Note cells with the smaller library size are mostly naive CD4 T cells which are small in size and naturally have less mRNA content.

# calculate statistical thresholds for droplet filtering. 
rna_size_min = median(cellmd$rna_size) - (3*mad(cellmd$rna_size))
rna_size_max = median(cellmd$rna_size) + (3*mad(cellmd$rna_size))
prot_size_min = median(cellmd$prot_size) - (3*mad(cellmd$prot_size))
prot_size_max = median(cellmd$prot_size) + (3*mad(cellmd$prot_size))

# filter rows based on droplet qualty control metrics
positive_cells = cellmd[
    cellmd$prot_size > prot_size_min & 
    cellmd$prot_size < prot_size_max & 
    cellmd$propmt < 0.14 &  
    cellmd$rna_size > rna_size_min & 
    cellmd$rna_size < rna_size_max, ]$bc
cells_mtx_rawprot = as.matrix(prot[ , positive_cells])

Sanity check: are the number of cells passing QC in line with the expected recovery from the experiment?

length(positive_cells)

[1] 4096

Yes. After quality control above we have 4096 cells which is in line with the ~5000 cells loaded in this experiment.

We also filter background droplets to remove potential spurious cells (drops with high mRNA content) and use the major peak in the background distribution.

# define a vector of background droplet barcodes based on protein library size and mRNA content
background_drops = md[md$prot_size > 1.5 & md$prot_size < 3 & md$ngene < 100, ]$bc
negative_mtx_rawprot = as.matrix(prot[ , background_drops])

Optional step; remove proteins without staining

While dsb will handle noisy proteins, some proteins in an experiment may not work for bioinformatic reasons or may target a very rare cell population that was absent in the experiment. This is especially true as panels increase in size. Proteins without counts on the stained cells should be removed prior to normalization.

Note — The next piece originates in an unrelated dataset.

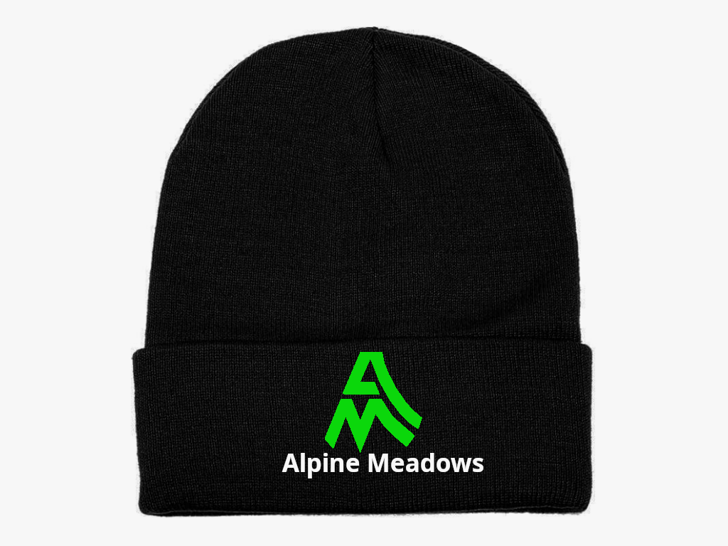 This beautifully hand-crafted beanie is available for a limited time only. Black beanie with bright green Alpine Meadows logo and white text.

# calculate quantiles of the raw protein matrix 
d1 = data.frame(pmax = apply(cells_mtx_rawprot, 1, max)) %>% 
  rownames_to_column('prot') %>% arrange(pmax) %>% head() 

prot pmax
CD34_TotalSeqB 4
CD80_TotalSeqB 60
CD274_TotalSeqB 75
IgG2b_control_TotalSeqB 90
IgG2a_control_TotalSeqB 95
IgG1_control_TotalSeqB 112

In this experiment, the stem cell marker CD34 has essentially no data (a maximum UMI value of 4 across all cells in the experiment). We therefore remove it from cell and background matrices. In many cases, removing proteins is not necessary.

# remove non staining CD34 protein 
prot_names = rownames(cells_mtx_rawprot)
cells_mtx_rawprot = cells_mtx_rawprot[!prot_names == 'CD34_TotalSeqB', ]
negative_mtx_rawprot = negative_mtx_rawprot[!prot_names == 'CD34_TotalSeqB', ]

Step 4 Normalize protein data with the DSBNormalizeProtein Function

For data with isotype control proteins, set denoise.counts = TRUE and use.isotype.control = TRUE and provide a vector containing names of isotype control proteins (the rownames of the protein matrix that are isotype controls). For data without isotype controls, see the vignette section Using dsb with data lacking isotype controls.

#normalize protein data for the cell containing droplets with the dsb method. 
dsb_norm_prot = DSBNormalizeProtein(
  cell_protein_matrix = cells_mtx_rawprot, 
  empty_drop_matrix = negative_mtx_rawprot, 
  denoise.counts = TRUE, 
  use.isotype.control = TRUE, 
  isotype.control.name.vec = rownames(cells_mtx_rawprot)[29:31] 
  )
# note: normalization takes ~ 20 seconds
# system.time()
# user  system elapsed 
#  20.799   0.209  21.783 

The function returns a matrix of normalized protein values which can be integrated with any single cell analysis software. We provide an example with Seurat, Bioconductor and Scanpy below.
optional QC step Denoising can result in very small negative values for a protein on just a handful of cells which can impact the range of normalized values returned by dsb. Very negative values correspond to very low expression and it can be helpful to convert all dsb normalized values < -10 to 0 for interpretation / visualization purposes. (see FAQ). Again this is not always a necessary step.

dsb_norm_prot = apply(dsb_norm_prot, 2, function(x){ ifelse(test = x < -10, yes = 0, no = x)}) 

Integrating dsb with Seurat

# filter raw protein, RNA and metadata to only include cell-containing droplets 
cells_rna = rna[ ,positive_cells]
md2 = md[positive_cells, ]

# create Seurat object !note: min.cells is a gene filter, not a cell filter
s = Seurat::CreateSeuratObject(counts = cells_rna, meta.data = md2, 
                               assay = "RNA", min.cells = 20)

# add dsb normalized matrix "dsb_norm_prot" to the "CITE" assay data slot
s[["CITE"]] = Seurat::CreateAssayObject(data = dsb_norm_prot)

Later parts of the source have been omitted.